Репортаж из Metropolitan

Metropolitan находит оперу там, где европейцы ее теряют

Музыкальная классика на нью-йоркской сцене
       То, что Metropolitan Opera — точный адрес и самый убедительный аргумент состоявшейся музыкальной карьеры, сегодня никого не удивляет. Удивляет постоянство, с каким лучшие голоса мира рано или поздно идут на контракт с Met, а приглашенные дирижеры предпочитают превентивную зависимость от одной-единственной нью-йоркской постановки любому долгосрочному предложению. На взгляд нашего корреспондента ЕЛЕНЫ Ъ-ЧЕРЕМНЫХ, побывавшей на пяти спектаклях этого театра, успех главной американской оперы объясняется союзом консервативного постановочного стандарта с перманентно обновляемой исполнительской коллекцией.
       
Премьерный синдром
       Обычного слушателя в Metropolitan ждут всего два неудобства: отсутствие разницы между премьерой и обычным репертуарным спектаклем (что у воспитанного на премьерном синдроме моего соотечественника, несомненно, вызовет ипохондрию) и необходимость обнимать свое пальто во время представления (платным гардеробом пользуются только снобы и люди широкой души, не жалеющие два доллара после 150-долларового билета в партер).
       Со всем остальным Metropolitan мирит так же легко, как и сам Нью-Йорк, предлагающий культуристам от музыки не только буржуазные (дневные и вечерние) рауты в Линкольн-центре (кроме Met, там прописаны еще New-York City Ballet и нью-йоркская филармония — Awery Fischer Hall), но и специальный, незаменимый для туриста неакадемический час — 22.45 (реально начинающийся в 23.15).
       Поясню: если вы не готовы к неизбежности позитивных эмоций в главной американской опере, то по мере накопления этих эмоций (а они решительно преследуют вас после каждого спектакля) вы начинаете испытывать что-то вроде угнетенного состояния духа. Не побоюсь назвать это чувство антипатриотичным. Средство от него ищите в джазовом клубе.
       В двух таких клубах — Iridium (всего лишь перебежать Девятую авеню наискосок от Линкольн-центра) и Times (в Сохо) — вас снабдят благожелательными напутствиями, а в Сохо еще и поставят печать "special" на руку. И запустят вниз и вперед. В 80 квадратных метров джаза с суперкомандой Cun Ra Arkestr или с септетом легендарного Джо Хендерсона, изощренный вкус которого хорошо дегустировать одновременно с горьковатым местным пивом "Зимний праздник".

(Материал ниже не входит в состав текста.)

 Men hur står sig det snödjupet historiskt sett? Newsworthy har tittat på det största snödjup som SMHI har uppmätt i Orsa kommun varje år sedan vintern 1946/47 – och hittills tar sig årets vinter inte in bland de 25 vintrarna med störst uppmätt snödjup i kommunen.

       Название этого напитка так же справедливо, как справедлива мысль человека, согласно которой этот режимный час ежедневно рекламируют в The New-York Times полтора десятка корреспондентов. Результат налицо: свидание с чернокожими наместниками sax`a и заоблачной маримбы вернет оперному туристу чувство равновесия.
       
Что дают?
       Пролить слезы умиления хотя бы на одном из спектаклей Met (в полной репертуарной афише сезона их около двенадцати), как это само собой происходит в New-York City Ballet на баланчинском "Щелкунчике",— невозможно. Спектакли в Met расчетливы и умны.

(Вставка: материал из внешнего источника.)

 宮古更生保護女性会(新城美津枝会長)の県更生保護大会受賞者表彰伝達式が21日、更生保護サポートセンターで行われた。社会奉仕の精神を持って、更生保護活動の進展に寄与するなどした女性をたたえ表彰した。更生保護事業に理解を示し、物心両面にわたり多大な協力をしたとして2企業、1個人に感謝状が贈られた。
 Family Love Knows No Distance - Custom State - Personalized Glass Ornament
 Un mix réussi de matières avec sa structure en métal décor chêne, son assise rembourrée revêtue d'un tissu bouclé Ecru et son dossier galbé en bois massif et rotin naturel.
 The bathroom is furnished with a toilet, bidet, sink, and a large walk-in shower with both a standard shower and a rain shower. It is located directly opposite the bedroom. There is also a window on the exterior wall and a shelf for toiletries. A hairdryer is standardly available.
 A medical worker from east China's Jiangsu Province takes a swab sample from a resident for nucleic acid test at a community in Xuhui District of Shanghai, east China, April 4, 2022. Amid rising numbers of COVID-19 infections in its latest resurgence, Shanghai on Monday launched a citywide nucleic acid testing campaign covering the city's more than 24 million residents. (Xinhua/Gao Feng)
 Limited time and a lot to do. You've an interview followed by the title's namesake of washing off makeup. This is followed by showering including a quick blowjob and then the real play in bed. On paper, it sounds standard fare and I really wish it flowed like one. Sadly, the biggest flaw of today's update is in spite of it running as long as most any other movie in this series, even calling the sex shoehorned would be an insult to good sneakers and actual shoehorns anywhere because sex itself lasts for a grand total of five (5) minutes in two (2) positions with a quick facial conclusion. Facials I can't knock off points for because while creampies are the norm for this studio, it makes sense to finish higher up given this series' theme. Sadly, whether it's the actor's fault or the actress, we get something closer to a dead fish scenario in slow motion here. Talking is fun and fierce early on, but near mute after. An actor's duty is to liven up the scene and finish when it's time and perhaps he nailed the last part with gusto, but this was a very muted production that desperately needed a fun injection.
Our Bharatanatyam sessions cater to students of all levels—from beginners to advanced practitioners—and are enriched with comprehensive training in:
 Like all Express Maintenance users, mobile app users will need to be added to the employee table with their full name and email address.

       Позволив себе обобщение, вначале отмечу: Met оберегает консервативно усредненный стандарт оперной постановки, как самое дорогое. Сегодня главная опера Америки живет, будто последние два десятилетия сам жанр этот не был площадкой для авангардных решений и концептуальных новаций. Как будто не выискивались заветные идеи, не становился священным факт их премьерной огласки.
       При полном несходстве "Дона Карлоса" Верди, "Севильского цирюльника" Россини, "Питера Граймса" Бриттена, "Бориса Годунова" Мусоргского и "Каприччио" Рихарда Штрауса музыкально-постановочный конвейер театра превращает их в одного поля ягоды. Чтобы всего в меру, чтобы домохозяйке из Нью-Джерси было так же все ясно, как и кембриджскому докторанту.
       Современный поклонник выдающихся оперных параметров (вспомним хотя бы прокатившуюся два года назад по ряду европейских стадионов "Аиду" с кубо-километровыми декорациями или взращенных европейской традицией необъятно толстых оперных любовников) в Met быстро заскучает. При том, что на двух Дон Карлосов (в середине спектакля одного певца запросто подменили другим) придется всего лишь один Родриго, (великолепный вокал Томаса Хэмпсона). При том, что дирижерская палочка Мьюн-Вун Чуна легко двигает пятиактную махину первой редакции этой оперы. А в "Питере Граймсе" весь второй акт на сцене бегает жертвенный ребенок (настоящий двенадцатилетний мальчик), ничего так и не спевший (тоже своего рода рекорд).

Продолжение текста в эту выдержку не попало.